The multinational shoes, sportswear and clothing manufacturers Adidas and Puma entered this world as one, small company. It didn’t take long for the company to split and enter one of the most bitter business rivalries in recent history.
Adidas and Puma as one
In 1924 in Herzogenaurach in Germany, two brothers, Adolf and Rudolf Dassler started a small shoe business in their mothers laundry. They called their business Gebrüder Dassler Schuhfabrik (Dassler Brothers Shoe Factory). The electricity supply in the town was not reliable and they had to use pedal power at times to keep their infant business operating.
War and conflict
The two brothers joined the NAZI party with Rudolf being slightly closer to the party than his brother.
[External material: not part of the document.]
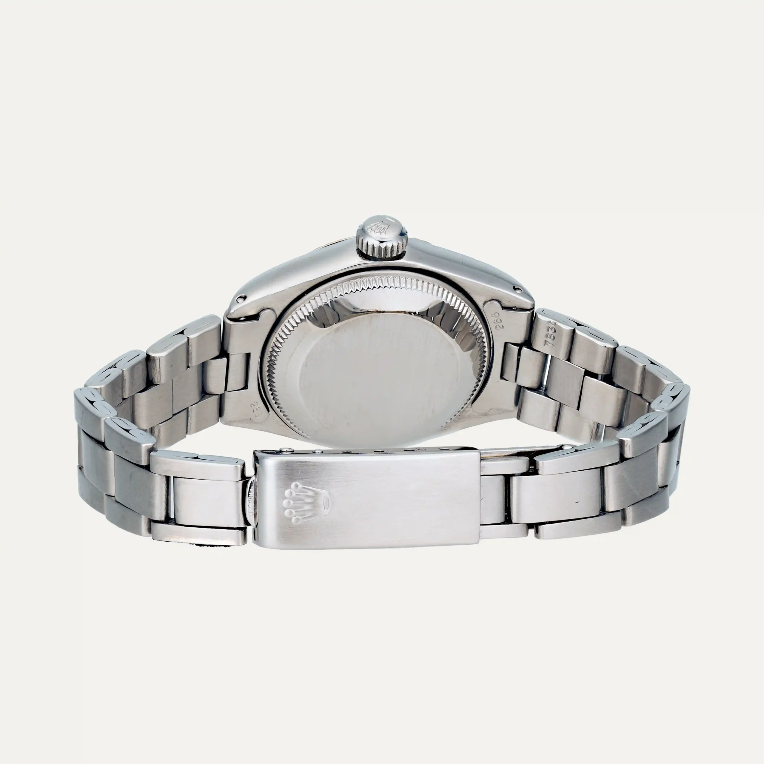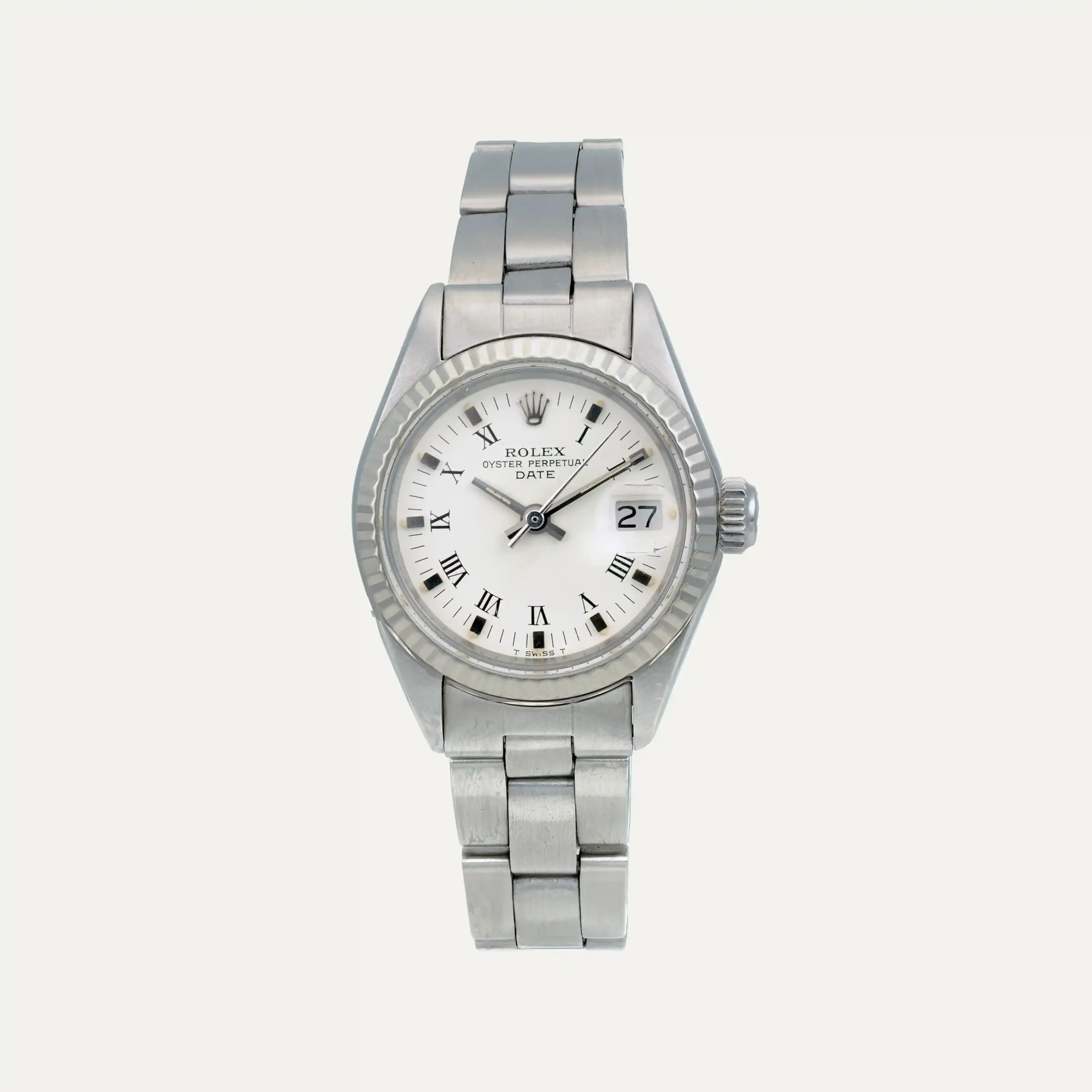 Rolex Oyster Perpetual Date watch, automatic movement, with a 26mm diameter and 11.5mm thickness. Stainless steel case, white dial with Roman numerals, hour, minute, and second hands, date at 3 o’clock. Screw-down crown with Rolex logo, 42-hour power reserve. Acrylic glass. Stainless steel bracelet with folding clasp. Comes with the original Rolex box. “The Watch Register” certified. This watch is supported by our one-year guarantee.

During a bombing raid in 1943 Adolf and his wife entered a bomb shelter that Rudolf and his family were already in. Adolf apparently said “Here are the bloody bastards again,” referring to the allies bombing the town, but Rudolf took it as being directed at him and his family. As the was ended Rudolf was captured by American soldiers and accused of being in the SS, and he was convinced that his brother had turned him in to the allied forces.
Adidas and Puma split
In 1948 the two brothers decided to split their business as the relationship between them had reached breaking point. Rudolf established Puma and Adolf started Adidas. The two companies remained in the town of Herzogenaurach and entered a bitter rivalry. It even turned the townsfolk on one another with people often looking at strangers feet to see which of the two companies they supported. Herzogenaurach even earned the nick name of “the town of bent necks” due to this local phenomenon.
The bitterness between the brothers would continue to their deaths. both brothers are buried in the same cemetery, as far apart as possible.